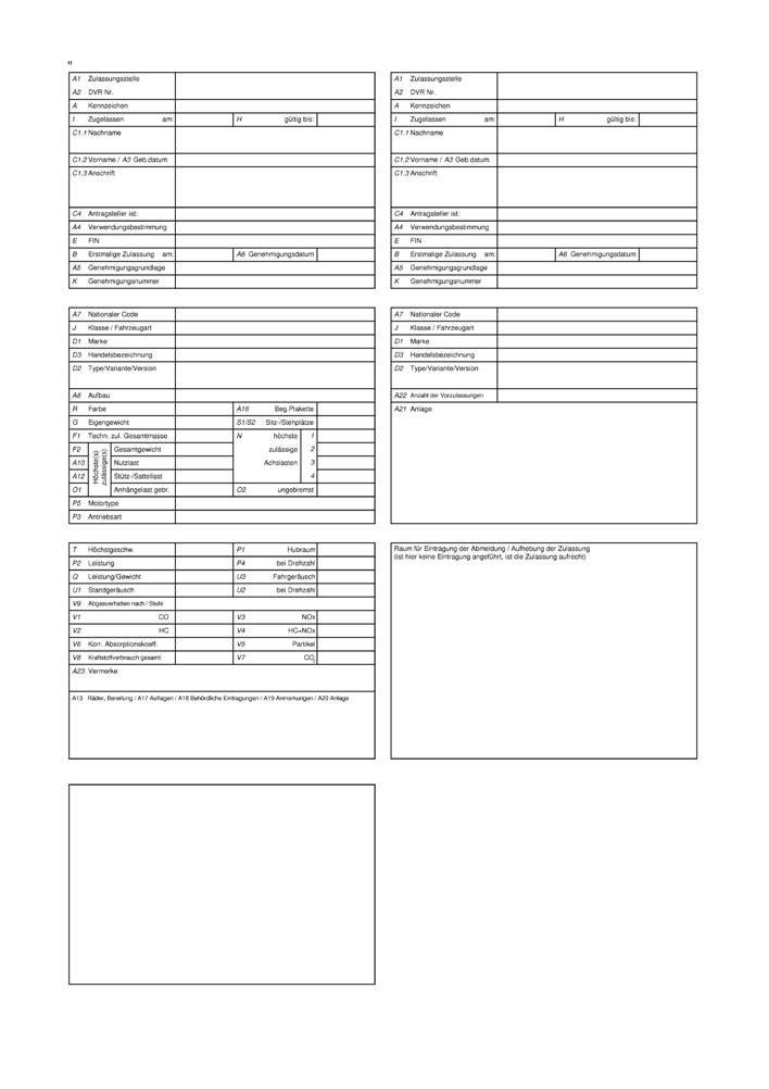 „Bei einer Zulassungsbescheinigung Teil I im Chipkartenformat erfordert jede Veränderung der Eintragungen die Beantragung einer neuen Zulassungsbescheinigung Teil I im Chipkartenformat, sofern nicht der Umstieg auf eine Zulassungsbescheinigung Teil I im Papierformat beantragt wird. Nach einer Abmeldung oder sonst ungültig gewordenen Zulassungsbescheinigungen Teil I im Chipkartenformat werden diese mittels Lochung entwertet und sodann dem Antragsteller wieder ausgefolgt. Die Lochung muss derart erfolgen, dass der Mikrochip dabei unversehrt bleibt.“
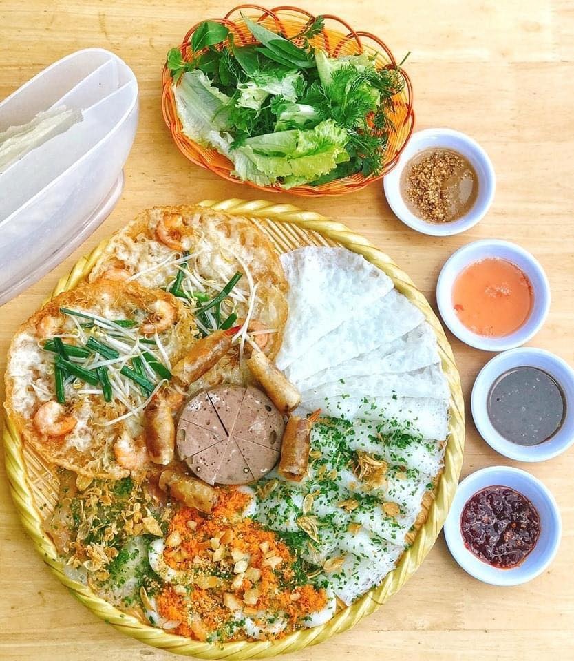 | Hầu hết món ăn được trình bày trên chiếc mẹt mộc mạc. Bánh hỏi thịt nướng, bánh xèo, bánh bèo là các hương vị miền Trung đốn tim tín đồ ẩm thực. Bạn cũng có thể nhâm nhi nem nướng, sứa trộn xoài cóc, bò lá lốt để thỏa mãn vị giác. Ảnh: Dacsanbinhdinhbangoaika. |
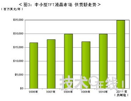 圖3表示中小型液晶市場過去5年內(nèi)的業(yè)績與今年的供貨額預(yù)測。手機及數(shù)碼相機等使用的中小型FPD因價格不斷降低,市場范圍逐步擴大,導(dǎo)致中小型液晶 市場的供貨額與供貨量增長幅度相比,持續(xù)出現(xiàn)了低增長,因2008年雷曼危機后消費低迷,這一市場陷入了供貨額大幅減少的局面。在此期間,許多中小型液晶 廠商都有過力圖通過縮小業(yè)務(wù)而生存下去的辛酸經(jīng)歷,包括同行業(yè)廠商間的業(yè)務(wù)撤銷與合并以及淘汰設(shè)備等。
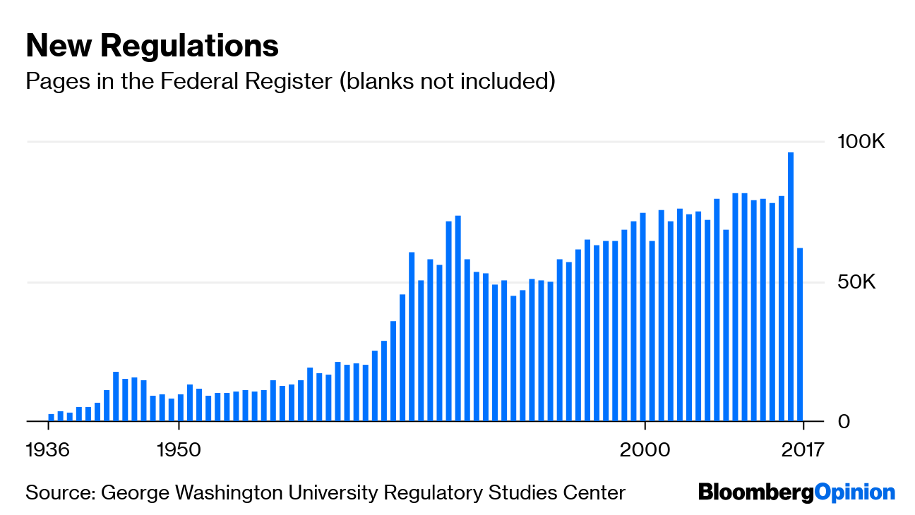 That’s a pretty spectacular drop in 2017, President Donald Trump’s first year in office. It represents less a regulatory rollback, though, than a lack of new regulations (also, interestingly, President Barack Obama presided over a decline in Federal Register pages in his first year in office too, albeit a much smaller one). It’s the Code of Federal Regulations that will give a sense of whether overall regulatory verbiage has actually declined, and the 2017 totals haven’t been tallied. It seems unlikely that they will show a big decline, though.
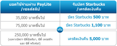 - ธนาคารฯ จะทำการจัดส่งบัตร Starbucks ไปตามที่อยู่เดียวกับใบแจ้งยอดและเครดิตเงินคืนเข้าบัญชีบัตรหลักภายใน 60 วันหลังสิ้นสุดรายการ
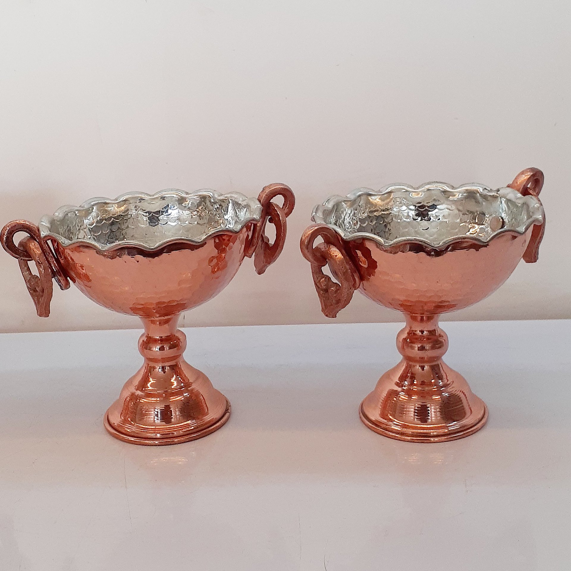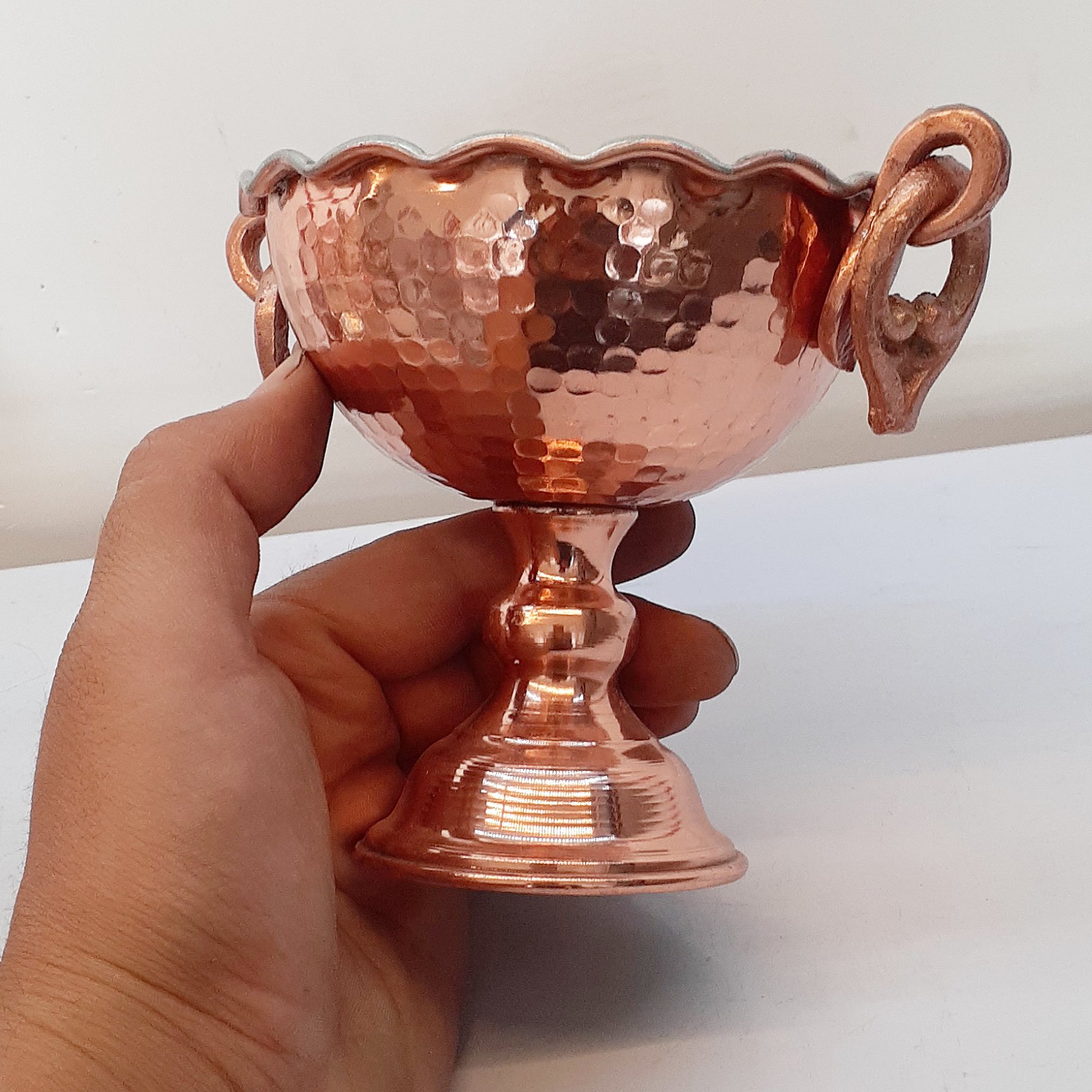 جام پسی اجیل خوری مسی تمام دست ساز تک پایه چکشی ، داخل قلع ، نانو شده ، ضمنا مدل 3 پایه هم موجود داریم، ارسال هم رایگانه، در صورت انجام دو خرید همزمان از کد تخفیف ۳۰ هزار تومانی messroz2 استفاده نمایید صنایع مس رز زنجان افتخار تولید و پخش ظروف مسی اصیل زنجان را دارد که بصورت سنتی تولید می شوند کیفیت عالی، بسته بندی خوب، ارسال رایگان و سریع و نانو بودن محصولات از ویژگی های غرفه ماست، نانو پوشش خیلی نازک از مواد خاص و مقاوم می باشد که روی ظروف مسی زنجان قرار می گیرد و در کوره های مخصوص به وسیله حرارت تثبیت می شود این پوشش نانو ظرف را در مقابل هوا و رطوبت محافظت کرده و از اکسید و کدر شدن جلو گیری می نماید . خواهشمندیم هنگام شستشو جهت ماندگاری ظروف مسی بخصوص ظروف مسی نانو شده و قلع شده از اسکاچ بدون سیم و نرم استفاده شود و بلافاصله با دستمال نرم خشگ گردد و از تماس انها با مواد شیمیایی مانند وایتکس و غیره خوداری گردد، ظروفی که در انها غذا پخته و سرو می شود باید داخل انها به وسیله فلز قلع پوشش داده شود، پوشش قلع باعث جلو گیری از حل شدن زیاد یون های مس در غذا می شود. عنصر مس نقش مهمی در مبارزه بدن با التهاب مزمن ، تشکیل سلول های قرمز خون، و افزایش ایمنی بدن دارد ، همچنین برای تشکیل میلین که برای اعصاب مانند عایق است، مورد نیاز می باشد، عنصر مس باعث نابودی میکروب های مختلف می شود بطوری که دستگیره درب ها و شیر های اب اطاق عمل را از جنس مس می سازند،
══════
- [WORK REQUEST]
What you need to produce is an exact copy of the entries above, limited to the lines from the one with "That’s a pretty" up to and including the one with "- ธนาคารฯ จะทำการจัดส่งบัตร", without pictures.

- [RESPONSE FOR THIS EXERCISE]
 That’s a pretty spectacular drop in 2017, President Donald Trump’s first year in office. It represents less a regulatory rollback, though, than a lack of new regulations (also, interestingly, President Barack Obama presided over a decline in Federal Register pages in his first year in office too, albeit a much smaller one). It’s the Code of Federal Regulations that will give a sense of whether overall regulatory verbiage has actually declined, and the 2017 totals haven’t been tallied. It seems unlikely that they will show a big decline, though.
 - ธนาคารฯ จะทำการจัดส่งบัตร Starbucks ไปตามที่อยู่เดียวกับใบแจ้งยอดและเครดิตเงินคืนเข้าบัญชีบัตรหลักภายใน 60 วันหลังสิ้นสุดรายการ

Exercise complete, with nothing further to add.